Investigating Public Sentiment on High-Profile Incidents in Pakistan: A Computational Approach for Forensic and Security Insights
DOI:
https://doi.org/10.54692/ijeci.2025.0901/238Keywords:
computational framework, public safety, emotion detection, microblogs,, criminology, Digital Evidence IntegrityAbstract
Twitter and other social apps have made it easy to stay on top of how people react to breaking news nationwide. The study seeks to mine public opinion associated with the five major events occurred in Pakistan based on a set of 248259 tweets retrieved through the Twitter v2 API. The use of emojis, emoticons and contemporary slang (e.g., TBH, OMG) constitute a new thing in this study to enhance interpretation of sentiment of tweets.
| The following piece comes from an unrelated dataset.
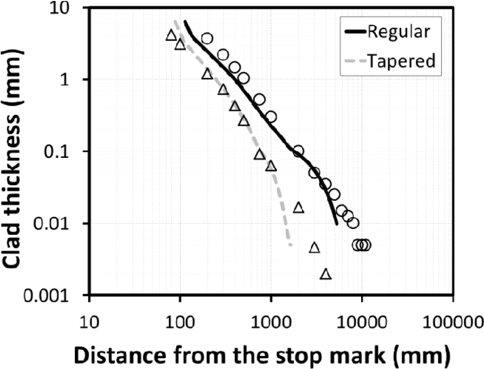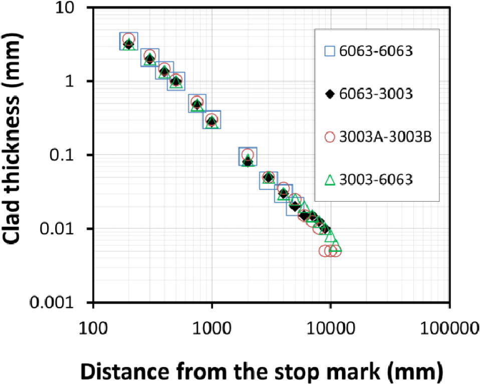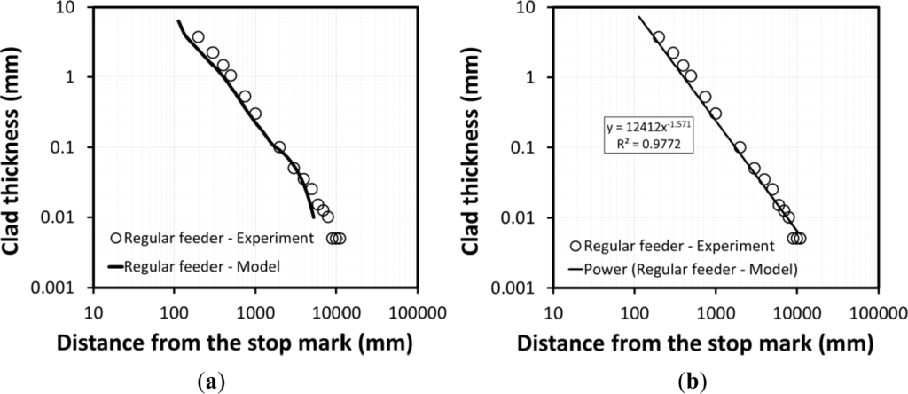 Experimental measurements and model predictions indicate that the thickness of the clad layer as a function of extrudate position fits well with a power law with an exponent of −1.6.

A computational framework is applied in this study to research public reaction to the Sialkot lynching, Murree’s snowfall disaster, TLP protests, Johar Town blast and the tragedy in Anarkali market in Pakistan. The tweets were classified based on the text2emotion Python package that uses five categories of emotions (Happy, Angry, Sad, Surprise, Fear) to label the dominant emotion. A sixth label Neutral was given when there were no emotion scores that were significant hence dealing with uncertainty in emotional tone. Six models of machine learning, including Logistic Regression, Naïve Bayes, Support Vector Machine (SVM), Decision Tree, Random Forest and K-Nearest Neighbors (KNN), were taught and tested on incident datasets. Among all methods, SVM achieved the best average results and reached 95.8% accuracy on all datasets. The findings reveal that making sense of microblogs with computational sentiment analysis can strengthen digital forensics, crisis management and criminology related to public safety and widespread communication.